Isomers and chemistry

The most relevant physiologic form in humans is biliverdin IX alpha (BV IX α). There are isomeric varieties of biliverdin, and structural nuances influence its reactivity and conversion to bilirubin. For readers of porphyrin metabolism, biliverdin represents a green intermediate linked to the photoreactive and redox properties of heme breakdown products.

Imaging and research applications

Biliverdin serves as the native chromophore for several near-infrared fluorescent proteins, enabling researchers to image cellular and tissue processes with minimal autofluorescence interference. This imaging utility is part of why biliverdin has become a useful tool in biomedical imaging and related fields, including the development of biliverdin-based probes and reporters.

Biological roles and distribution

In mammals

In humans and many mammals, bilirubin is the terminal bile pigment in the heme degradation pathway, but biliverdin is still present transiently during metabolism. Biliverdin and bilirubin have been studied for their potential cytoprotective effects against oxidative stress, with the notion that these pigments can scavenge reactive oxygen species and stabilize cellular redox balance under certain conditions.

In other organisms

In birds, reptiles, and some amphibians, biliverdin can be a more prominent pigment in bile or plumage, reflecting species-specific differences in pigment handling and metabolism. The relative abundance of biliverdin versus bilirubin as bile pigments varies across taxa and physiological states, illustrating the evolutionary diversity of heme breakdown.

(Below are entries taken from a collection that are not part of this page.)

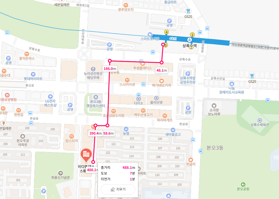 4호선 상록수역 3번출구에서 8분거리~
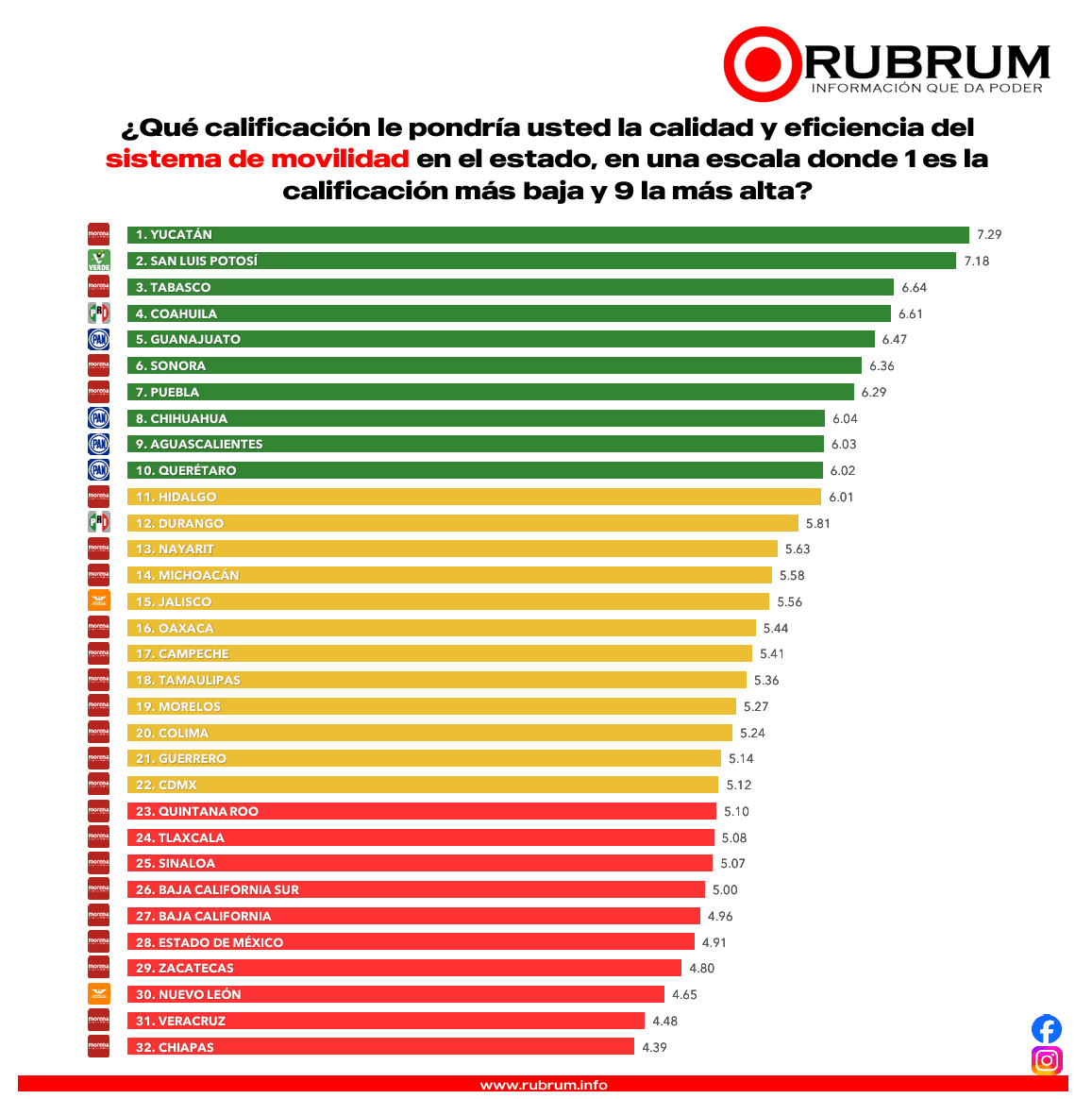 • Chiapas, Veracruz, Nuevo León, Zacatecas y Estado de México son los cinco estados peor evaluados en el sistema de movilidad.
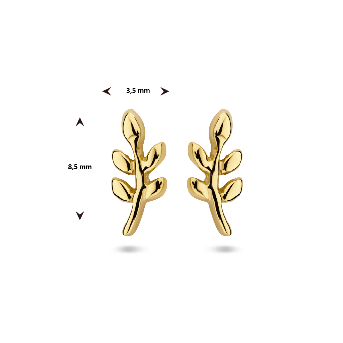 Verguld op 925 zilveren oorknoppen in de vorm van een blad. De oorknoppen hebben een afmeting van 8.5x3.5mm. Geen garantie op plating.
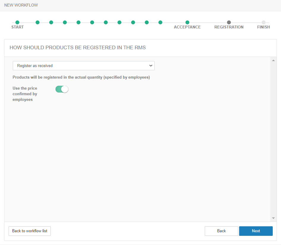 Określ, jaka cena powinna być użyta do rejestracji produktów, korzystając z opcji Użyj ceny potwierdzonej przez pracowników:
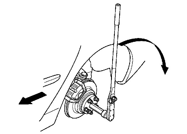 7. Install a torque wrench on the special tool as shown on the HDS. Write down the torque value while slowly rotating the rear hub with the torque wrench as shown. (Turn the hub no more than 90 degrees in 7 to 10 seconds.)
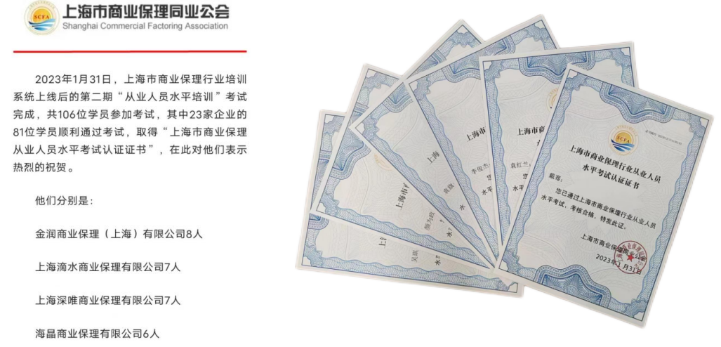 近日,海晶商業(yè)保理有限公司6名員工參加上海市商業(yè)保理水平培訓(xùn),順利通過考試并取得認(rèn)證證書??荚囃ㄟ^人次在上海市商業(yè)保理行業(yè)名列前茅,充分展示了出色的專業(yè)水準(zhǔn)。

Health and disease associations

Clinically, bilirubin levels are commonly measured as part of liver function tests and newborn screening. While biliverdin itself is less frequently a direct diagnostic target, understanding its relation to bilirubin metabolism helps explain conditions such as neonatal jaundice, cholestasis, and hemolysis. The balance between biliverdin production, biliverdin reductase activity, and bilirubin conjugation underpins the body’s ability to manage heme-derived compounds safely.

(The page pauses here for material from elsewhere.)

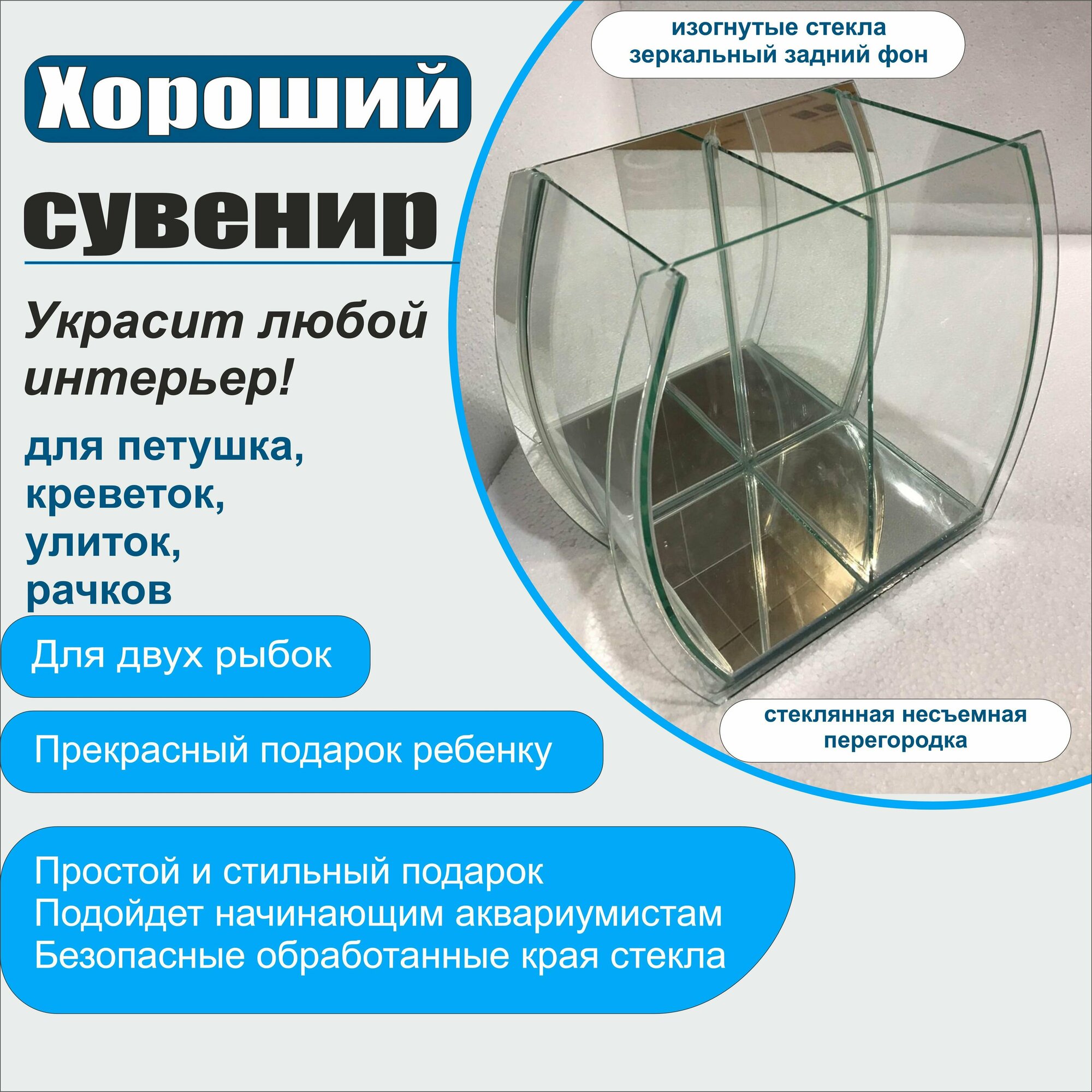 Купить Аквариум фигурный двойной, 10литров, 30х32х16см, гнутое стекло, зеркальная стенка, без крышки, для петушка, креветок.

Clinical significance and applications

Neonatal jaundice and treatment

A well-known clinical context involves newborns, where rapid turnover of fetal hemoglobin can overwhelm the neonatal liver’s capacity to conjugate bilirubin efficiently. This can lead to elevated bilirubin levels and, in severe cases, bilirubin encephalopathy. Treatments such as phototherapy exploit the chemical properties of bilirubin, using light to isomerize and accelerate the clearance of bilirubin from the body. The science here rests on the broader heme degradation pathway, in which biliverdin sits as an upstream precursor and a component of the system that clinicians monitor during management of jaundice.

Diagnostics and biomarkers

Biliverdin and bilirubin levels can inform assessments of liver function and hemolysis in various clinical scenarios. While bilirubin remains the primary diagnostic readout in many cases, the relationship to biliverdin provides insight into the overall activity of heme metabolism and the capacity of glucuronidation pathways to process bilirubin for excretion.

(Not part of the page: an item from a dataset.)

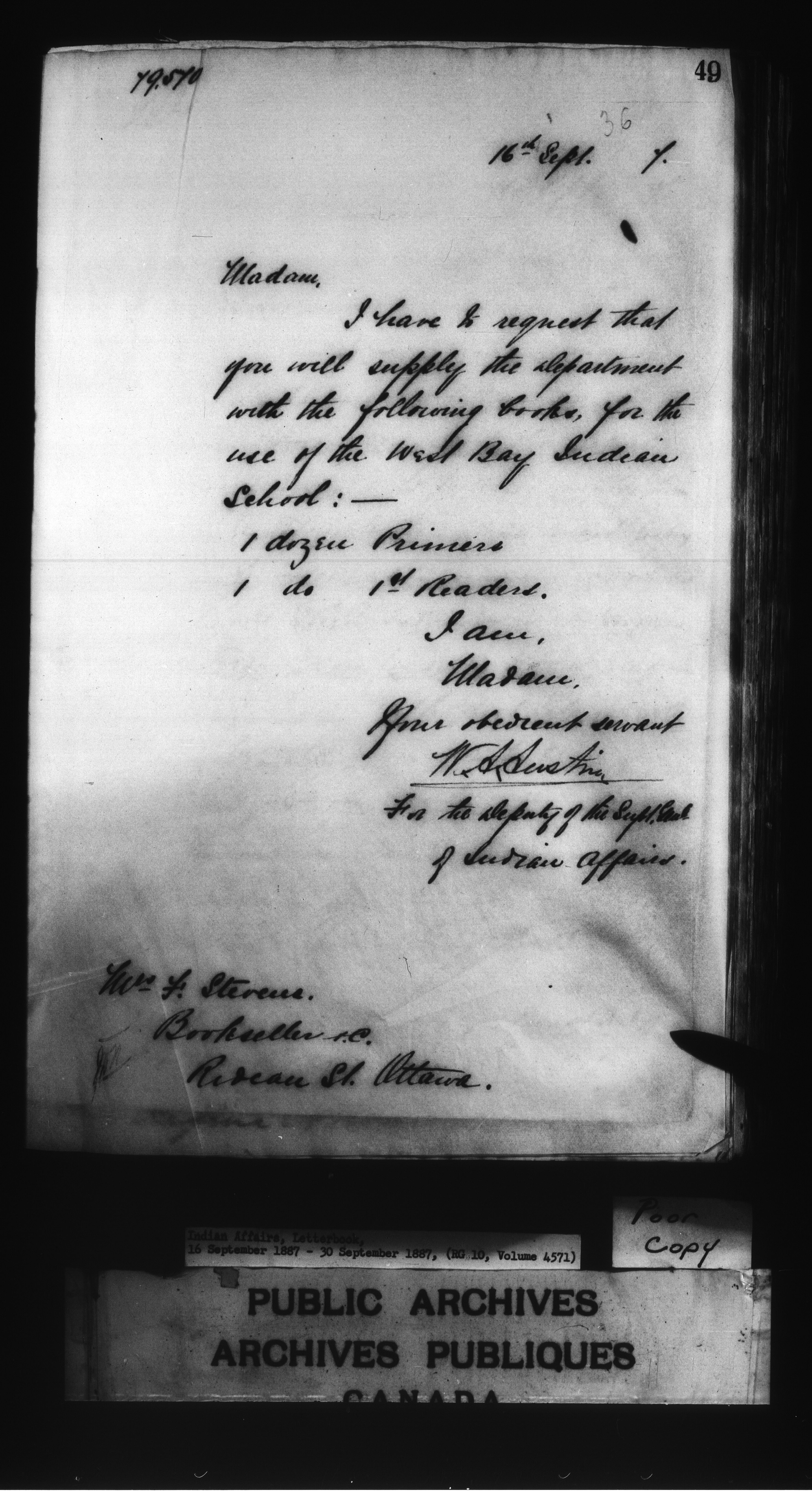 Department of Indian Affairs : Letterbooks of out-going correspondence relating to the administration of Indian Affairs in both eastern and western Canada, 1871-1920 - 7674

Research and therapeutic avenues

Beyond conventional medicine, biliverdin’s role as a chromophore in imaging, and its potential antioxidant properties, keep it on the radar of translational research. The use of biliverdin-dependent systems in imaging and sensing reflects a broader trend toward leveraging endogenous metabolic products to advance diagnostic and therapeutic capabilities.

History and context

The name biliverdin derives from its origin in bile and its verdant coloration. The study of heme breakdown and the enzymes that drive the generation and transformation of biliverdin and bilirubin has a long history in biochemistry, tying together ideas about oxygen biology, detoxification, and the evolution of heme-dependent systems. The practical implications of this pathway—ranging from neonatal care to advanced imaging—show how a basic metabolic product can intersect with modern medicine and technology.